Dataset items »
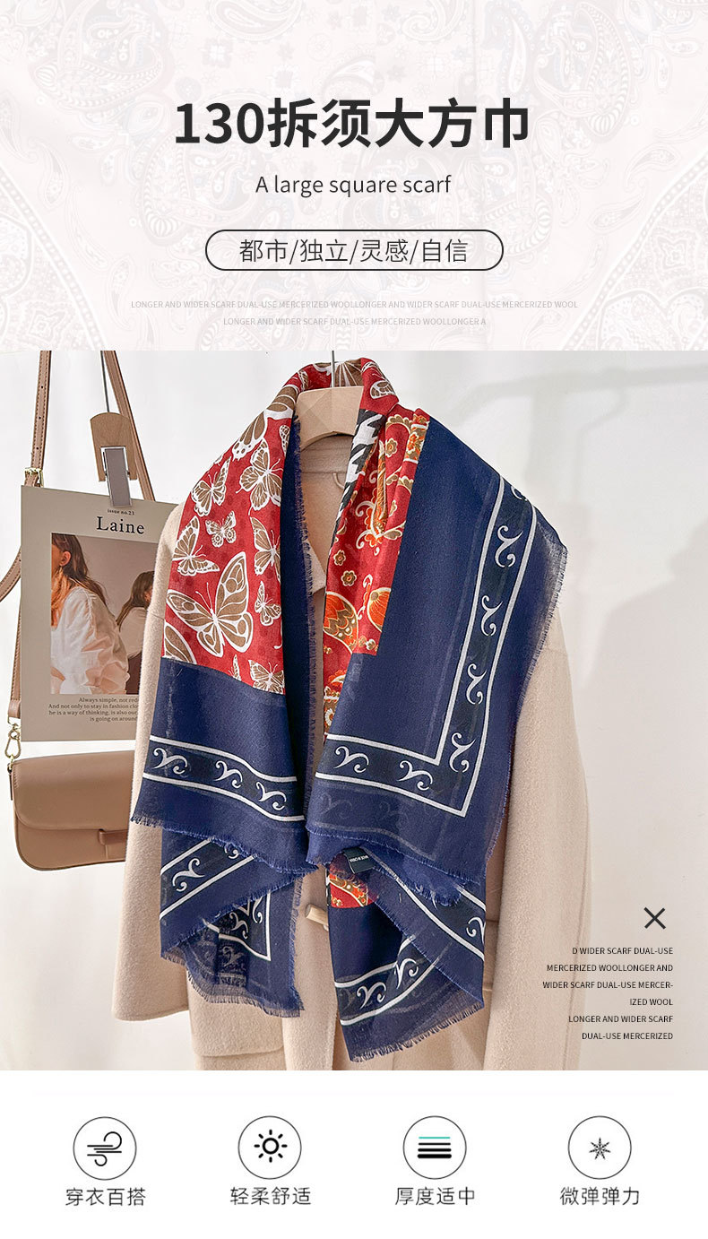 130 toallas cuadradas de primavera y verano de moda moda coreana vintage mujer alta sensación de impresión exterior con un chal
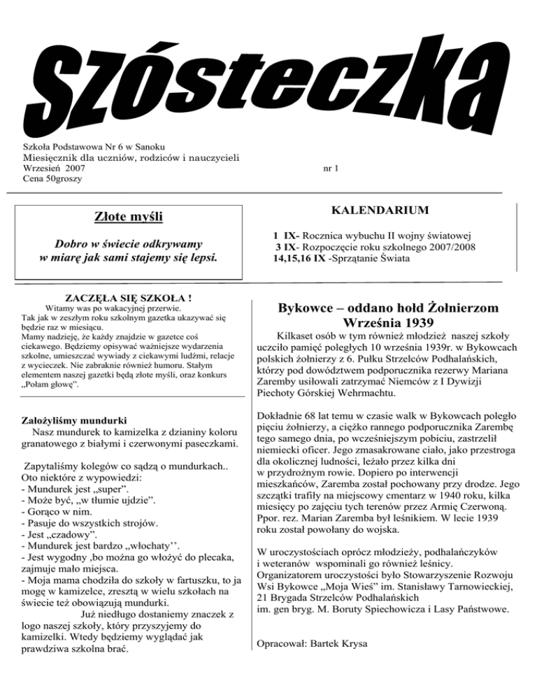 Szkoła Podstawowa Nr 6 w Sanoku Miesięcznik dla uczniów, rodziców i nauczycieli Wrzesień 2007 Cena 50groszy Złote myśli Dobro w świecie odkrywamy w miarę jak sami stajemy się lepsi. ZACZĘŁA SIĘ SZKOŁA ! Witamy was po wakacyjnej przerwie. Tak jak w zeszłym roku szkolnym gazetka ukazywać się będzie raz w miesiącu. Mamy nadzieję, że każdy znajdzie w gazetce coś ciekawego. Będziemy opisywać ważniejsze wydarzenia szkolne, umieszczać wywiady z ciekawymi ludźmi, relacje z wycieczek. Nie zabraknie również humoru. Stałym elementem naszej gazetki będą złote myśli, oraz konkurs „Połam głowę”. Założyliśmy mundurki Nasz mundurek to kamizelka z dzianiny koloru granatowego z białymi i czerwonymi paseczkami. Zapytaliśmy kolegów co sądzą o mundurkach.. Oto niektóre z wypowiedzi: - Mundurek jest „super”. - Może być, „w tłumie ujdzie”. - Gorąco w nim. - Pasuje do wszystkich strojów. - Jest „czadowy”. - Mundurek jest bardzo „włochaty’’. - Jest wygodny ,bo można go włożyć do plecaka, zajmuje mało miejsca. - Moja mama chodziła do szkoły w fartuszku, to ja mogę w kamizelce, zresztą w wielu szkołach na świecie też obowiązują mundurki. Już niedługo dostaniemy znaczek z logo naszej szkoły, który przyszyjemy do kamizelki. Wtedy będziemy wyglądać jak prawdziwa szkolna brać. nr 1 KALENDARIUM 1 IX- Rocznica wybuchu II wojny światowej 3 IX- Rozpoczęcie roku szkolnego 2007/2008 14,15,16 IX -Sprzątanie Świata Bykowce – oddano hołd Żołnierzom Września 1939 Kilkaset osób w tym również młodzież naszej szkoły uczciło pamięć poległych 10 września 1939r. w Bykowcach polskich żołnierzy z 6. Pułku Strzelców Podhalańskich, którzy pod dowództwem podporucznika rezerwy Mariana Zaremby usiłowali zatrzymać Niemców z I Dywizji Piechoty Górskiej Wehrmachtu. Dokładnie 68 lat temu w czasie walk w Bykowcach poległo pięciu żołnierzy, a ciężko rannego podporucznika Zarembę tego samego dnia, po wcześniejszym pobiciu, zastrzelił niemiecki oficer. Jego zmasakrowane ciało, jako przestroga dla okolicznej ludności, leżało przez kilka dni w przydrożnym rowie. Dopiero po interwencji mieszkańców, Zaremba został pochowany przy drodze. Jego szczątki trafiły na miejscowy cmentarz w 1940 roku, kilka miesięcy po zajęciu tych terenów przez Armię Czerwoną. Ppor. rez. Marian Zaremba był leśnikiem. W lecie 1939 roku został powołany do wojska. W uroczystościach oprócz młodzieży, podhalańczyków i weteranów wspominali go również leśnicy. Organizatorem uroczystości było Stowarzyszenie Rozwoju Wsi Bykowce „Moja Wieś” im. Stanisławy Tarnowieckiej, 21 Brygada Strzelców Podhalańskich im. gen bryg. M. Boruty Spiechowicza i Lasy Państwowe. Opracował: Bartek Krysa Sprzątamy Świat Akcja "Sprzątanie Świata" (Clean Up the World) została wymyślona w 1989 roku w Australii przez biznesmena i żeglarza Iana Kiernana, który bardzo chciał poprawić stan Zatoki Sydnejskiej, nad którą mieszkał. W tym celu udało mu się zmobilizować 40 tys. osób, które pracowały społecznie nad oczyszczaniem zatoki z całych ton plastikowych śmieci, butelek a nawet wraków samochodów. W kolejnych latach akcja roztaczała coraz szersze kręgi, a w 1993 roku za sprawą mieszkającej w Australii pani Miry Stanisławskiej-Meysztowicz trafiła również do Polski, gdzie jej koordynacją od lat zajmuje się Fundacja "Nasza Ziemia". W innych krajach akcja nie przyjęła się tak dobrze jak w Polsce, gdzie w 2003 roku brało w niej udział ok. 1,5 miliona . osób (dla porównania: w Niemczech - 35 tys. osób, we Francji - kilka tysięcy, w Holandii - kilkaset osób). Tegoroczna akcja "Sprzątanie Świata Polska 2007" odbyła się w dniach 14, 15 i 16 września. Tym razem hasłem przewodnim było: Oszczędzaj. Wyłączaj. Odzyskuj. Świeć przykładem! W tym roku szczególną uwagę zwracamy na oszczędzanie. Oszczędzanie surowców naturalnych, energii, materiałów, na przeciwdziałanie zmianom klimatycznym i na to, co każdy z nas może zrobić sam w domu aby środowisku było lżej. W naszej szkole akcja Sprzątania Świata zaplanowana była na sobotę. Niestety, pogoda pokrzyżowała nasze plany. Jeżeli zrobi się odrobinę cieplej zaraz wyruszamy posprzątać nasze osiedle. Ciekawe pytania i odpowiedzi. 1.Skąd się bierze woda na pustyni? Deszcze na pustyniach to wielka rzadkość. Jednak głęboko pod powierzchnią piasku jest woda, która pochodzi ze stron, w których padające częste deszcze przenikają pod ziemię. Ażeby dostać się do tej wody, trzeba wykopać głęboką studnię. W niektórych miejscach jednakże woda sama się przebija na powierzchnię. Takie miejsca na pustyni nazywane są oazami. 2.Jak powstaje oaza? Na ogół woda znajduje się głęboko pod piaskiem pustyni. Jednak czasami wodom podziemnym udaje się przedostać na powierzchnię i utworzyć sadzawkę. W takim miejscu od razu zmienia się krajobraz. W pobliżu często osiedlają się ludzie, gdyż dzięki wodzie mogą uprawiać różne rośliny dostarczające pożywienia. 3.Jak działa studnia na pustyni? Po wykopaniu studni wodę czerpie się wyciągiem z pomocą wielbłąda. Najpierw napełnia się zbiornik przy studni, a później woda z niego doprowadzona jest na pola uprawne. Opracowała: Basia Dżugan, Jowita Jaklik POŁAM GŁOWĘ Cały rok szkolny w gazetce ukazywać się będą zagadki i łamigłówki. Kto zbierze pięć prawidłowych rozwiązań i przyniesie je w czerwcu do naszej redakcji , weźmie udział w losowaniu atrakcyjnych nagród. m j ó ż m p m d u e s o a a g e c s t ł ś r ł s h i k ę l a a z o e o d a s r c m ń z z k o o z o s a i i l s k r z k e c z a a Wykreśl wyrazy: maślaki, jesień, kozak, żołędzie, parasol, deszcz, muchomor, rosa, mgła, pozostałe litery utworzą rozwiązanie naszej zagadki. HUMOR Na historii: - Dlaczego w powstaniu styczniowym najwięcej było chłopów? - Bo chłopi 
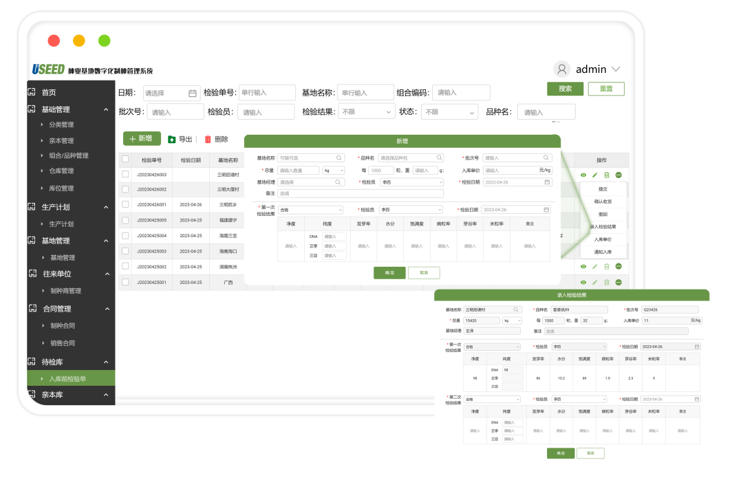 1、包括亲本检验入库、亲本发放关联制种合同、退货调货、调拨、精选、盘点等功能模块
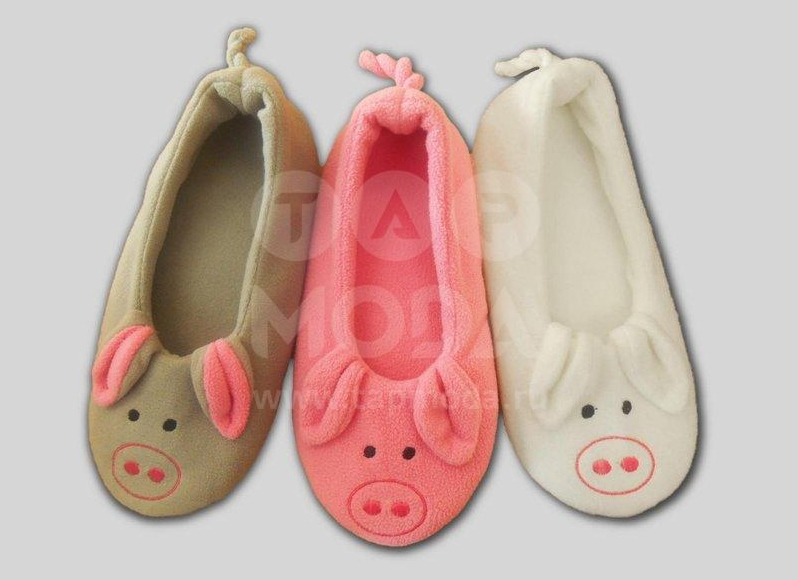 Тапочки женские модель "Балетки - Хрюшки". Ткань верха флис (100%п/э). Подклад-флис (100%п/э). Межподкладка-поролон толщина 5мм. Подошва-2см поролон,обшитый снизу м-лом прерывистым на основе ПВХ.
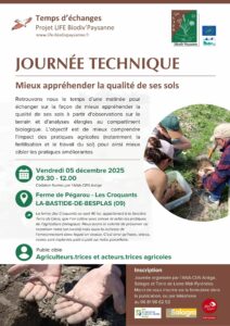 À l'occasion de la journée mondiale des sols, le LIFE Biodiv'Paysanne organise d’une matinée pour échanger sur la façon de mieux appréhender la qualité de ses sols à partir d'observations sur le terrain et d'analyses élargies au compartiment biologique. L’objectif est de mieux comprendre l'impact des pratiques agricoles (notamment la fertilisation et le travail du sol) pour ainsi mieux cibler les pratiques améliorantes.
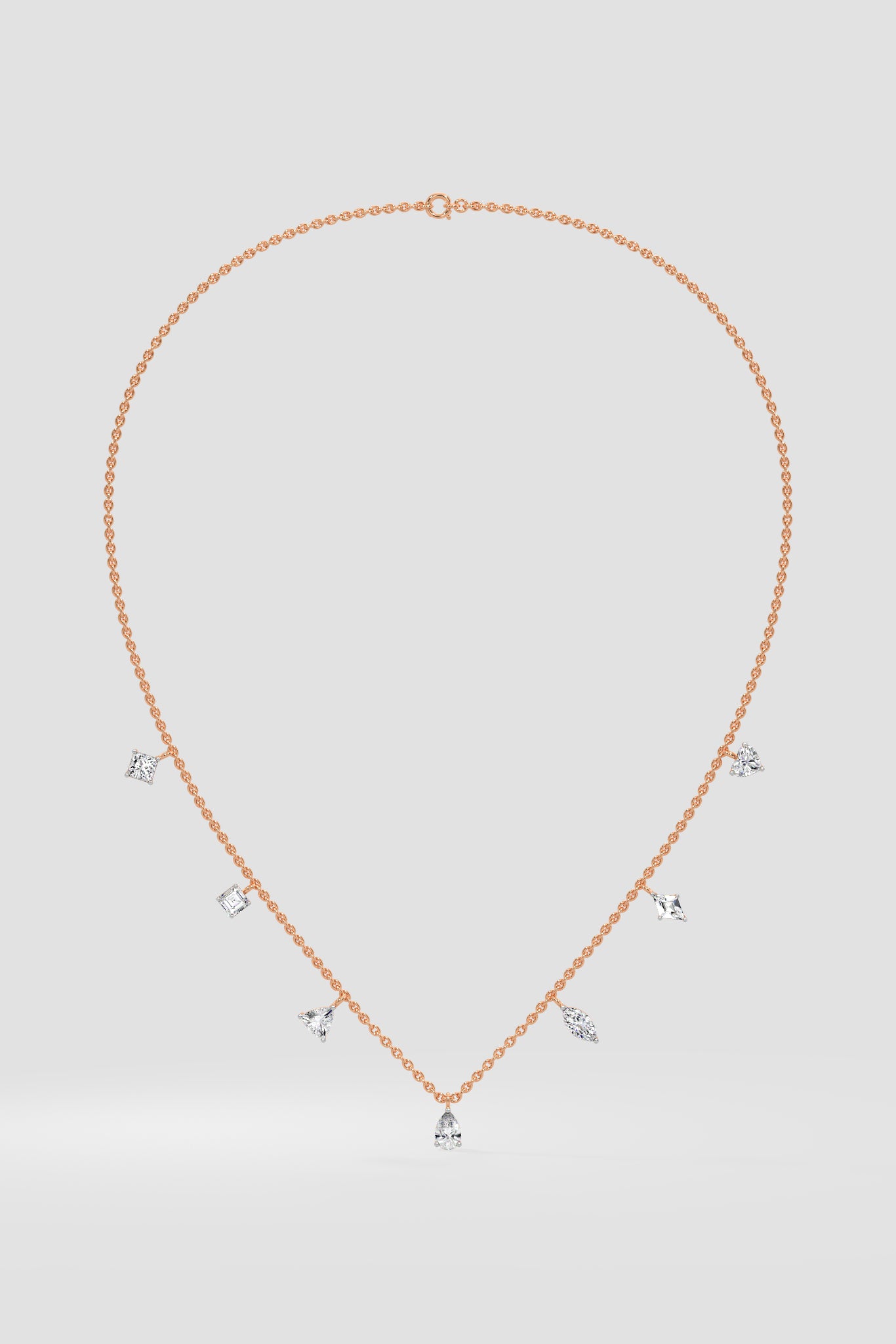 This Trinklet features seven unique diamonds - pear, trilliant, princess, marquise, heart, cushion and kite cuts - 0.50 carat each piece. Each diamond is thoughtfully placed to create a harmonious balance of shapes, making this necklace a distinctive statement.

Task to complete » Exact copies of the lines from the one containing "À l'occasion de" through the end of the records above are required, with no pictures among them.

Answer box »
 À l'occasion de la journée mondiale des sols, le LIFE Biodiv'Paysanne organise d’une matinée pour échanger sur la façon de mieux appréhender la qualité de ses sols à partir d'observations sur le terrain et d'analyses élargies au compartiment biologique. L’objectif est de mieux comprendre l'impact des pratiques agricoles (notamment la fertilisation et le travail du sol) pour ainsi mieux cibler les pratiques améliorantes.
 This Trinklet features seven unique diamonds - pear, trilliant, princess, marquise, heart, cushion and kite cuts - 0.50 carat each piece. Each diamond is thoughtfully placed to create a harmonious balance of shapes, making this necklace a distinctive statement.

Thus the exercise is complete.